Does not necessary follow.  A signed expansion to int, which happens
automatically in various contexts, and used later as an unsigned
long or address, may end up with a high bit set on 32-bits and 0 in
an upper half on 64 bits.  Usually this is not an issue but
depending on how results are used it might be.  Or something else
similar but normally far from obvious may hit you.

> * Those caused by calls to Xlib.

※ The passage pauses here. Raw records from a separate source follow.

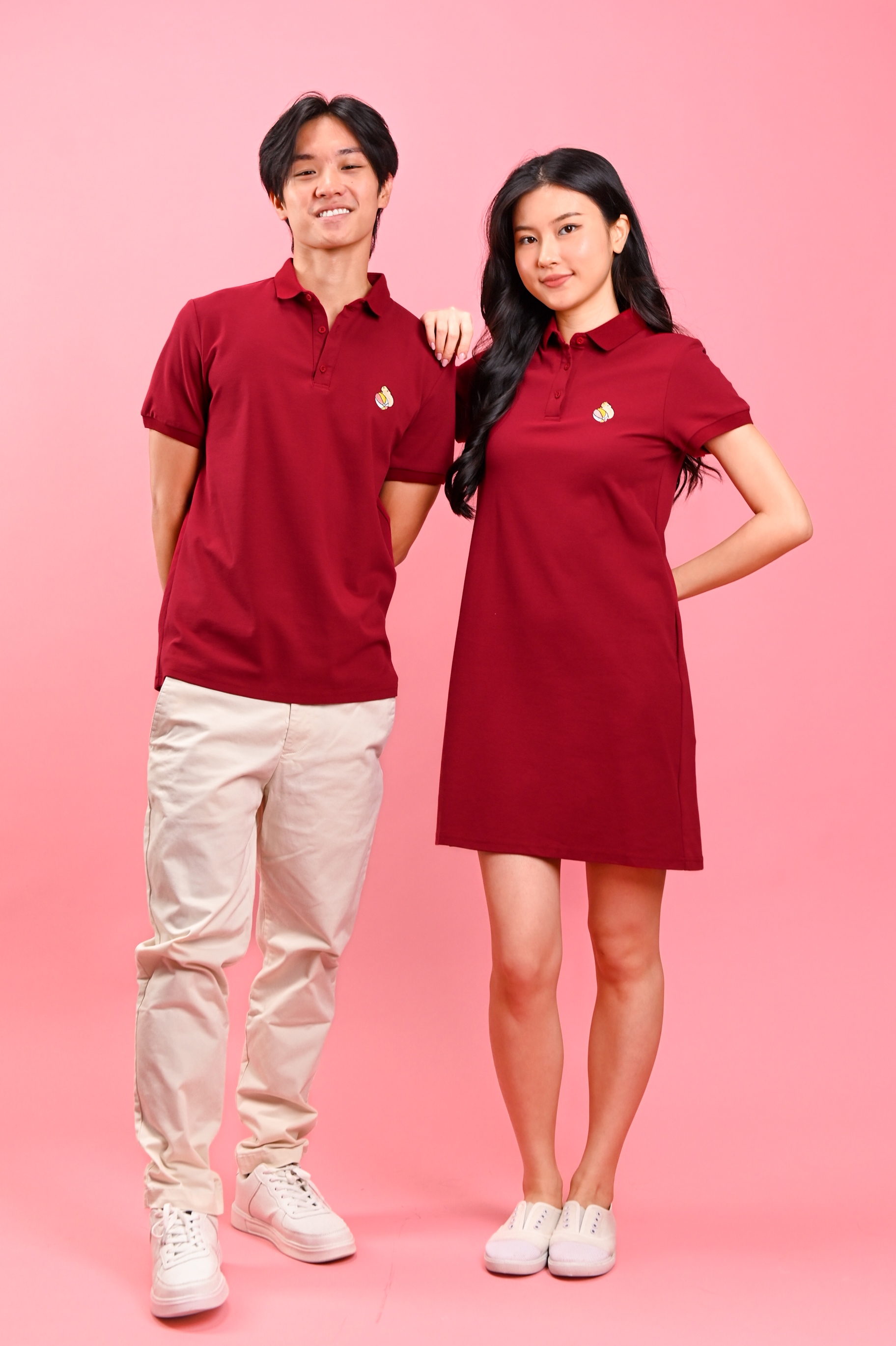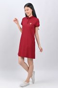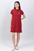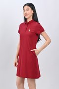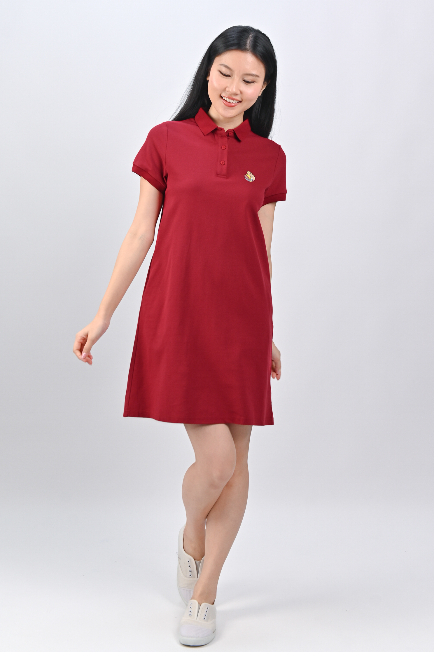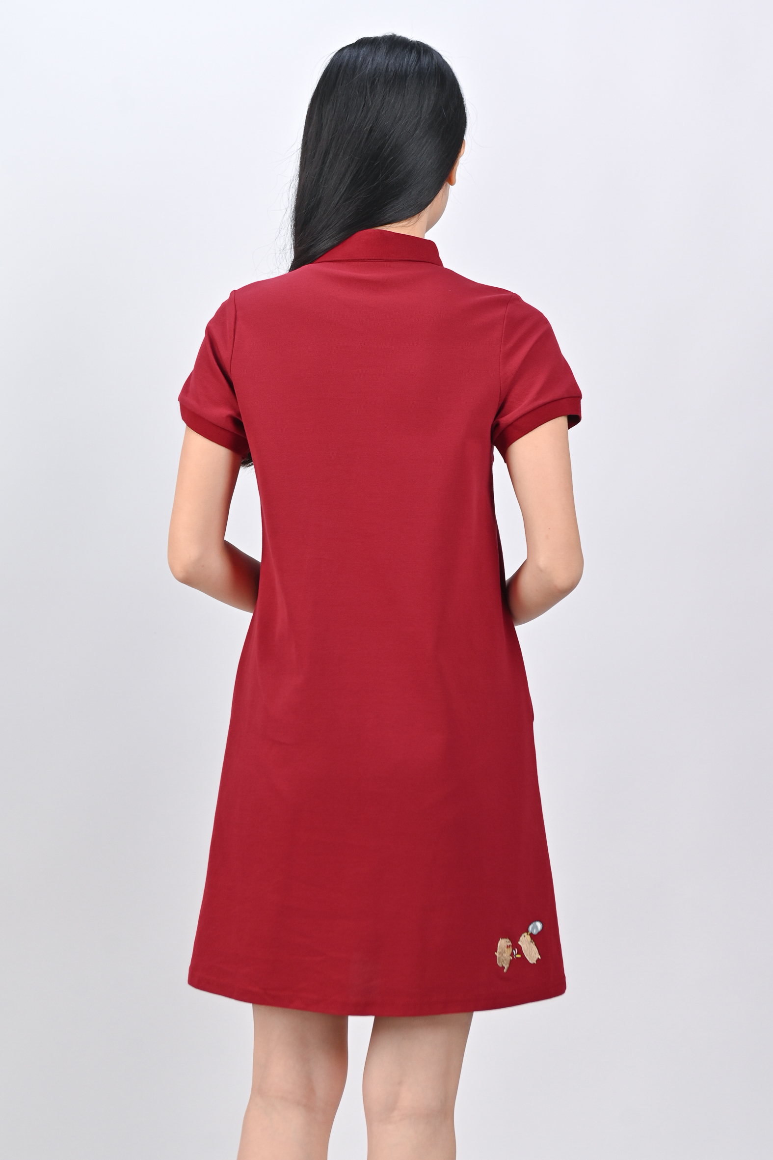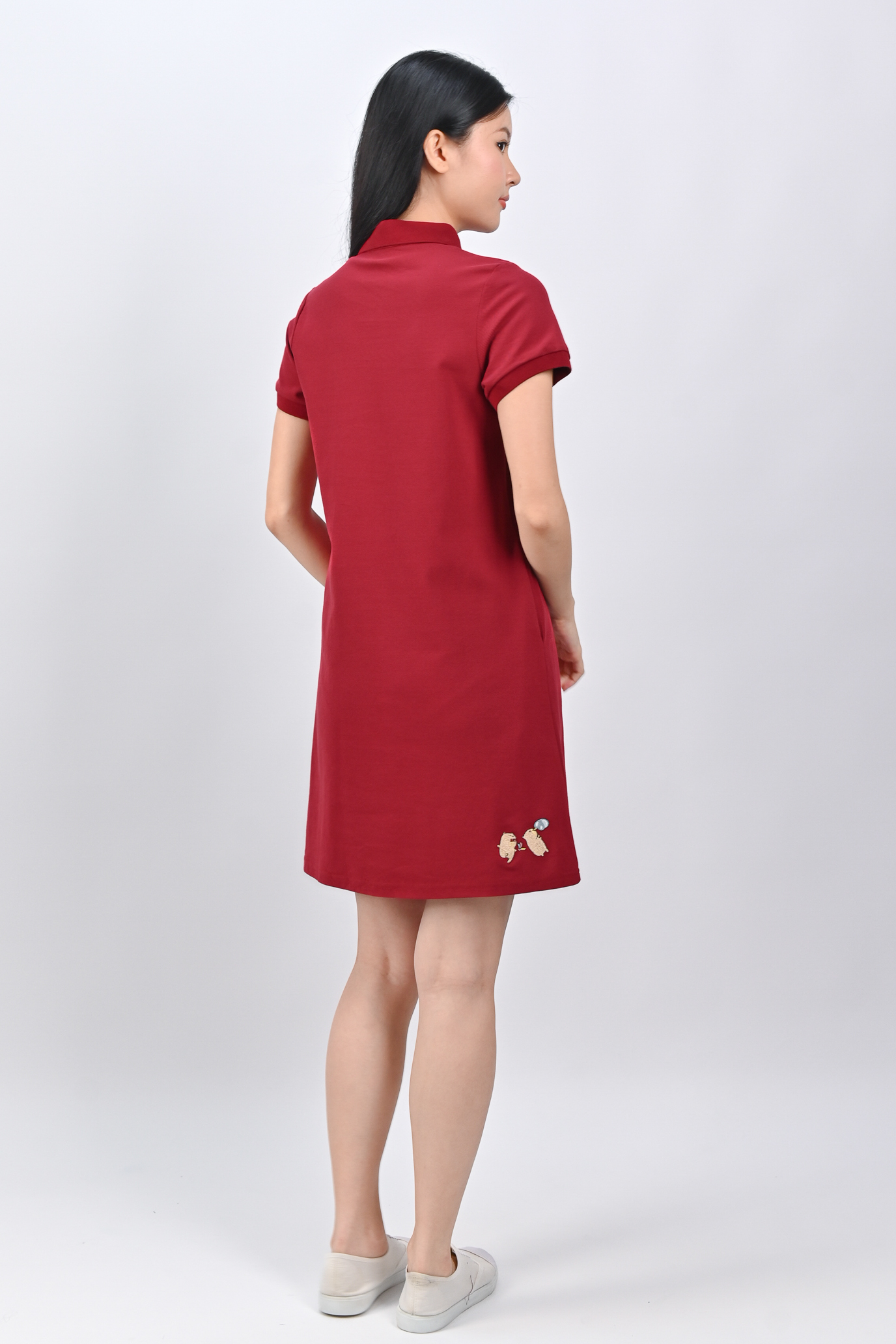 CUTE CAPYBARA EMB. RED POLO DRESS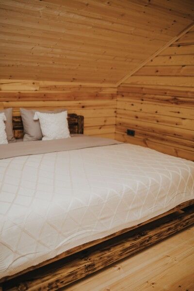 Комфорт: Чердачная спальня подарит романтическое настроение, просторная кухня-гостиная, зона отдыха и просторная терраса у чана обеспечивают достаточно пространства для отдыха и развлечений.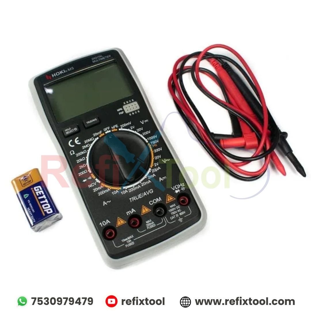 Hoki M5 Digital Multimeter with 2000 Display Count is a compact and reliable measuring instrument designed for electrical and electronic applications. It measures multiple parameters including voltage, current, resistance, capacitance, diode, and continuity, making it an essential tool for technicians, electricians, and hobbyists. With a 2000-count display and simple operation, it ensures accurate results in both fieldwork and lab testing.

These are the ones I'm going to try
> to clean up.

X is infamous for an abuse of pointers as "universal storage
containers for various integer types" with a possibility to create
problems like above.  Have fun here.

> So, questions: Do these assumptions seem real enough?

General cleanups help very much to find bugs by reducing a noise.
Keep in mind that just adding casts to shut-up a compiler does not
fall into that category and it may even mask bugs.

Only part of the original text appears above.